To calculate the error time △ t,

 Phase difference = t 1-Δt

, And an accurate phase difference without errors can be obtained.

 The timing circuit 3, the zero-cross detector 5, the t1 measuring device 6, the t2 measuring device 、, the phase difference calculating device 8, and the distortion generator 2 can be constituted by an analog circuit or a digital circuit. That the reference point signal from the timing circuit 3 to the t1 measuring instrument 6 can be changed from the zero point to the arbitrary point, and that the ti measuring instrument 6 and t2 measurement Of course, the selection and change, such as the fact that the measurement period with the instrument can be changed to an arbitrary point, do not affect the content of the present invention.

 As described above, according to the present invention, by providing the t1 detector, the t2 detector, and the phase difference calculator, a thermal expansion deformation, a creep phenomenon, a stress relaxation phenomenon, or the like occurs in the sample.

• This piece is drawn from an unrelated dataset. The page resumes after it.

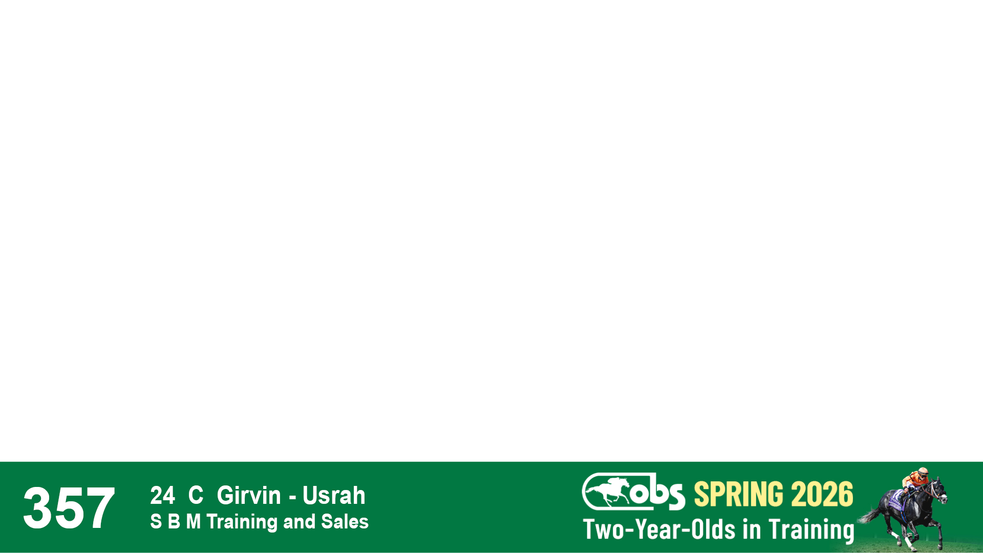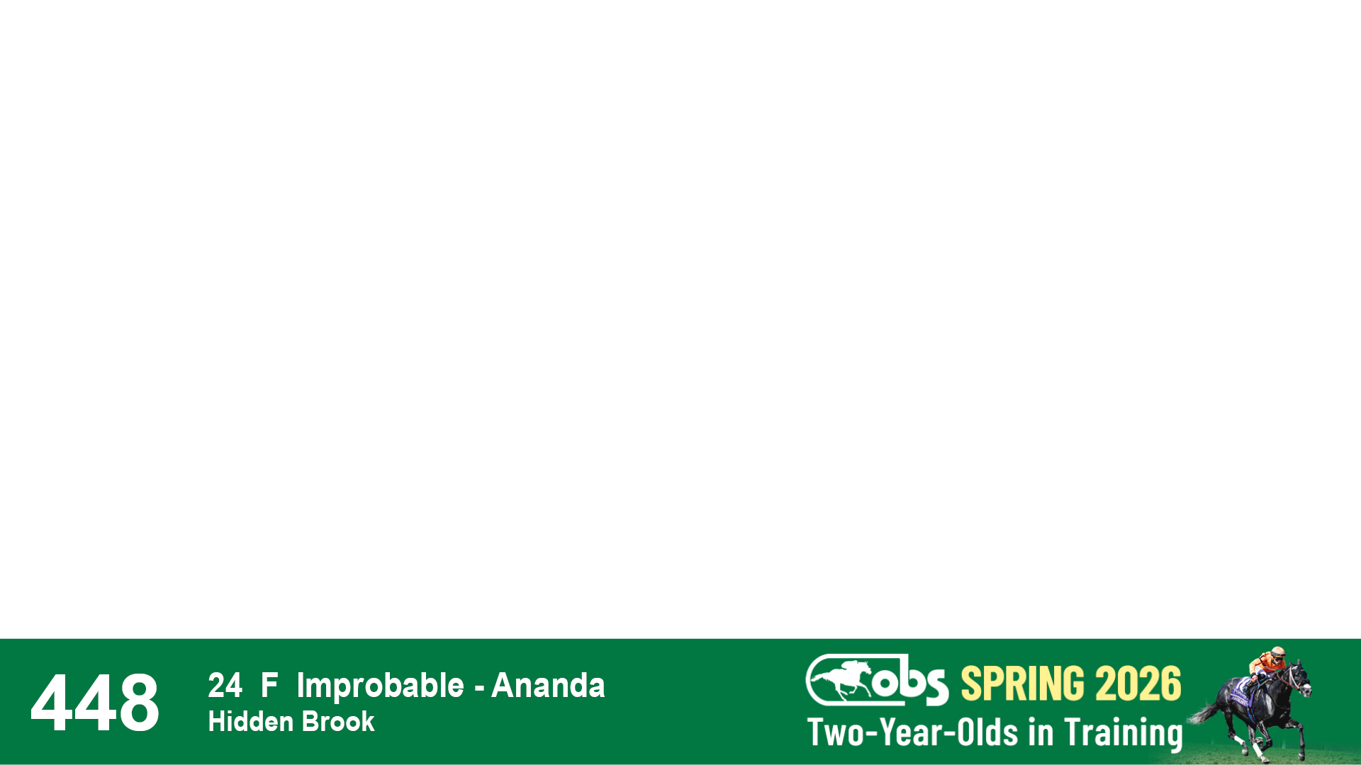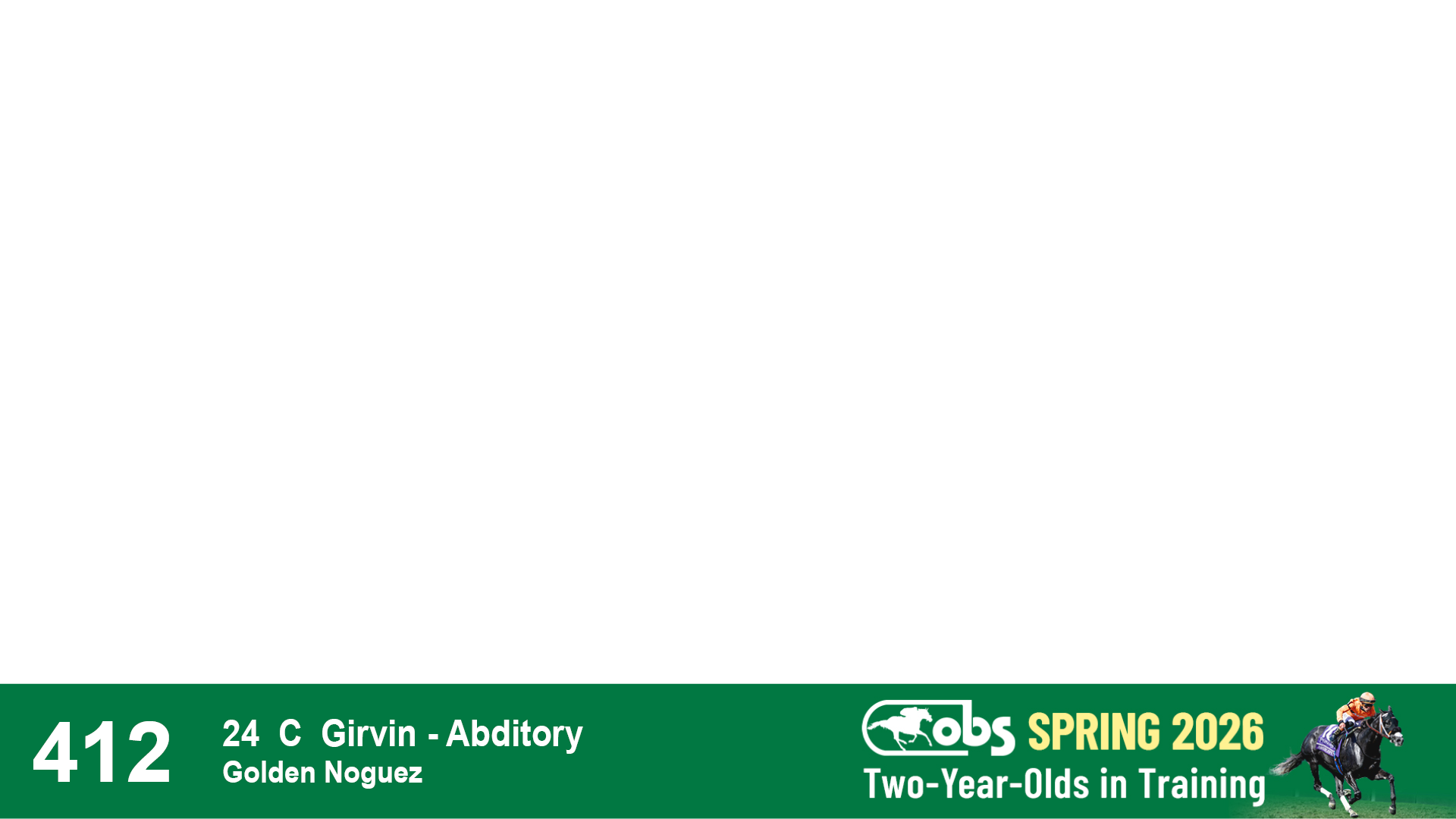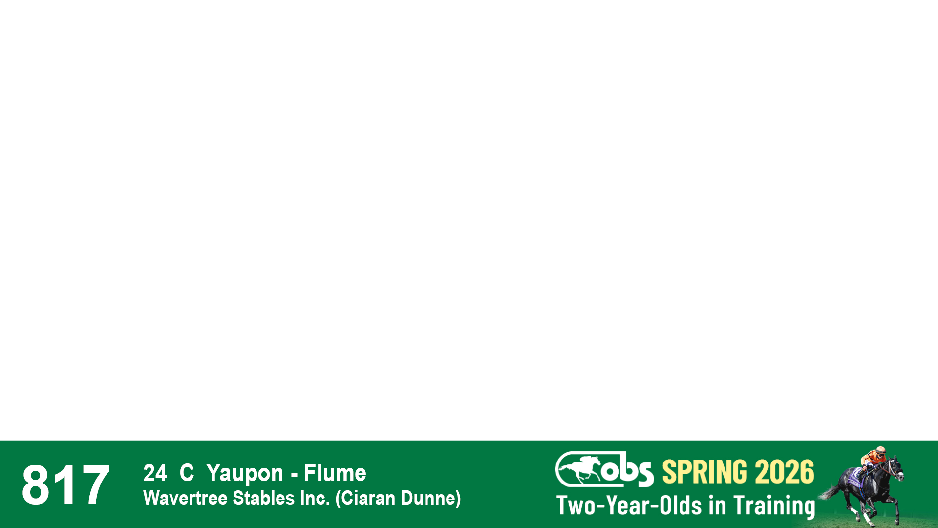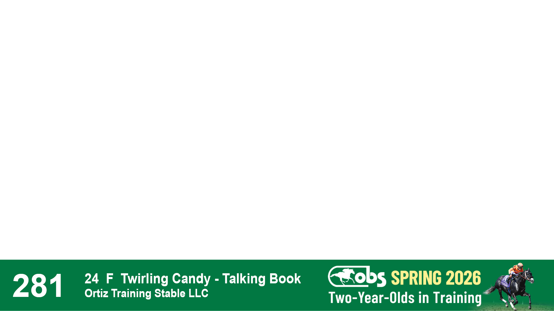 | 32 | Slate | Lower-Third | 3/3/2024 | C | Tale of Silence | Pleasant Orb | Lucan Bloodstock (Karl Keegan), Agent | 107 | 1055 | 839 | 565 | |

However, since it has means to accurately correct and calculate the phase difference between the sinusoidal force or strain applied to the sample and the sample displacement or sample stress, accurate measurements can be made and the dynamic viscoelasticity measurement device The range of application can be greatly expanded.

Claims

The scope of the claims

(ι: 'A timing circuit that outputs a reference signal, a force generator that applies a sinusoidal force to the sample in synchronization with the output of the timing circuit, and a displacement measurement that measures the displacement of the sample A zero-cross detector for detecting a zero-cross point of the output signal of the displacement measuring instrument; a reference for the timing circuit connected to the timing circuit and the zero-cross detector. T1 measuring device that measures the time interval from the signal output to the first zero-cross point detection, and the next zero-cross point connected to the zero-cross detector after the first zero-cross point detection

° A t2 measuring device for measuring a time interval until a cross point is detected, and a phase difference calculator connected to the t1 measuring device and the t2 measuring device, wherein the thermal expansion deformation of the sample is cleared. -Even if the zero-cross point output signal of the zero-cross detector shifts due to the influence of the loop phenomenon, etc., the phase difference calculator calculates the sample from the output signals of the t1 measuring device and the t2 measuring device. A dynamic viscoelasticity measuring device characterized by accurately correcting the phase difference of the viscoelasticity.

(2) A timing circuit that outputs a reference signal, a distortion generator that applies a sine wave distortion to the sample in synchronization with the output of the timing circuit, and a stress measurement that measures the stress of the sample A zero-crossing detector for detecting a zero crossing point of an output signal of the stress measuring instrument; and the timing circuit connected to the timing circuit and the zero-crossing detector. T1 Measures the time interval from the output of the reference signal to the detection of the first zero cross point t1 The measuring device is connected to the zero cross point detector and the next zero cross point is detected after the first zero cross point is detected A t2 measuring device for measuring a time interval until point detection, and a phase difference calculator connected to the t1 measuring device and the t2 measuring device, wherein a thermal expansion deformation, a stress relaxation phenomenon, and the like of the sample are provided. Even if the zero cross point output signal of the zero cross detector is shifted due to the influence, A dynamic viscoelasticity measuring device, wherein the phase difference calculator corrects the phase difference of the sample accurately from the output signals of the t 1 measuring device and the t measuring device.